After the sugar has been dried in the sun it is packed in large cylindrical baskets of bamboo, and is ready to be taken to market and shipped abroad.[7]
Three species of the sugar-cane are recognized by botanists: the Saccharum sinensis of China; the Saccharum officinarum of India, which was introduced by the Arabs into Southern Europe, and thence transported to our own country[8] and the West Indies; and the Saccharum violaceum of Tahiti, of which the cane of the Malay Archipelago is probably only a variety. This view of the last species is strengthened by the similarity of the names for it in Malaysia and Polynesia. The Malays call it tabu; the inhabitants of the Philippines, tubu; the Kayans of Borneo, turo; the natives of Floris, between Java and Timur, and of Tongatabu, in Polynesia, tau; the people of Tahiti and the Marquesas, to; and the Sandwich Islanders, ko.
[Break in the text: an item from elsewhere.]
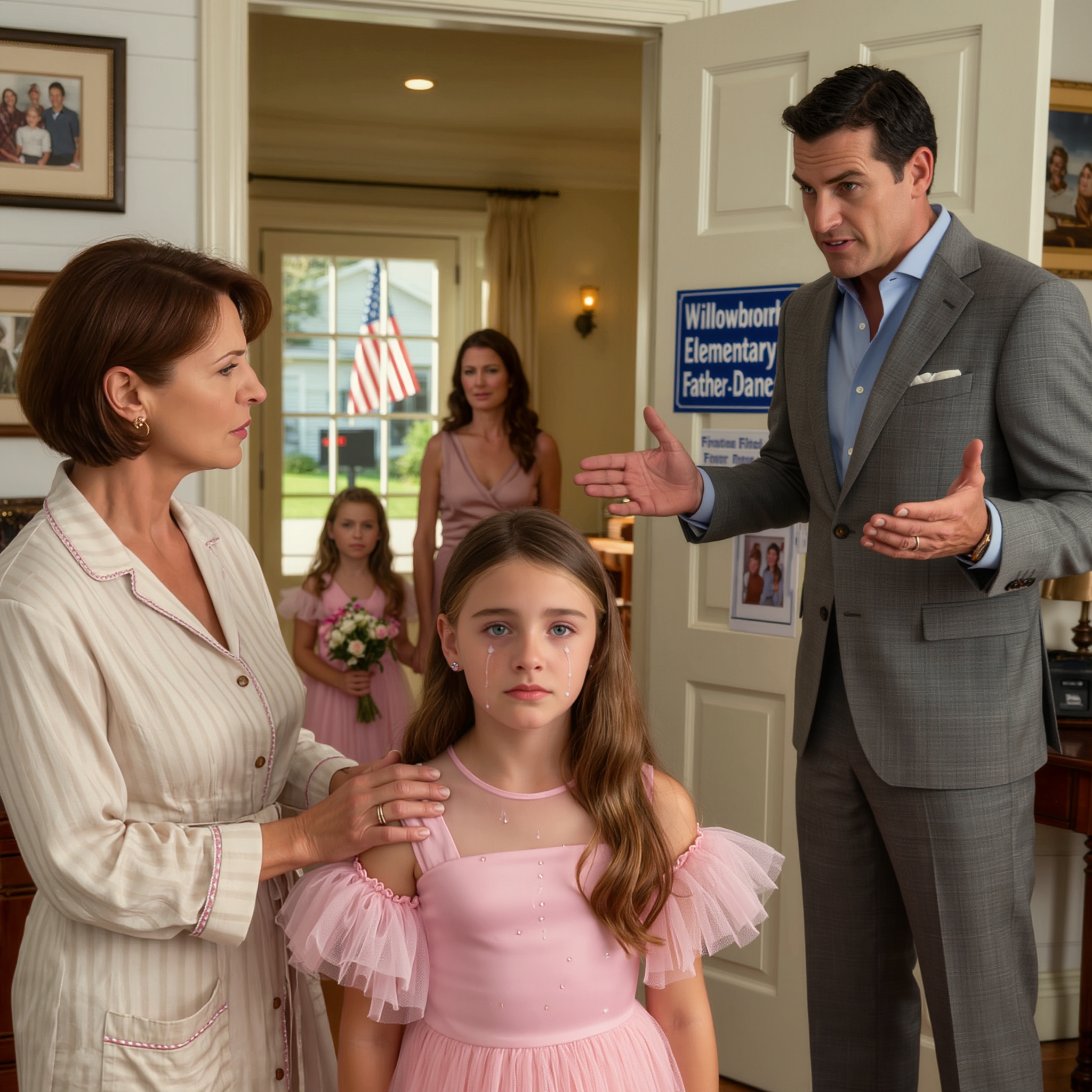 The father-daughter dance had been circled on the Willowbrook Elementary calendar in glitter pen for weeks. Every February the PTA transforms the gym into a paper garden—streamers, twinkle lights, a balloon arch at the double doors, a rented photo booth with props. The DJ always plays three songs that span the decades so even the reluctant dads can sway to something they recognize. It’s a small American ritual that lives in a thousand towns: corsages from the florist on Main, dads pretending not to be nervous, daughters practicing spins in socks on hardwood floors.

It is either a native of the archipelago or was introduced in the remotest times. The Malays used to cultivate it then as they do now, not for the purpose of making sugar, but for its sweet juice, and great quantities of it are seen at this time of year in all the markets, usually cut up into short pieces and the outer layers or rind removed. These people appear also to have been wholly ignorant of the mode of making sugar from it, and all the sugar, or more properly molasses, that was used, was obtained then as it is now in the Eastern islands, namely, by boiling down the sap of the gomuti-palm (Borassus gomuti).[9]
Sugar from cane was first brought to Europe by the Arabs, who, as we know from the Chinese annals, frequently visited Canpu, a port on Hanchow Bay, a short distance south of Shanghai. Dioscorides, who lived in the early part of the first century, appears to be the earliest writer in the West who has mentioned it. He calls it saccharon, and says that “in consistence it was like salt.” Pliny, who lived a little later in the same century, thus describes the article seen in the Roman markets in his day: “Saccharon is a honey which forms on reeds, white like gum, which crumbles under the teeth, and of which the largest pieces are of the size of a filbert.” (Book xii., chap. 8.)
This is a perfect description of the sugar or rock-candy that I found the Chinese manufacturing over the southern and central parts of China during my long journeyings through that empire, and at the same time it is not in the least applicable to the dark-brown, crushed sugar made in India.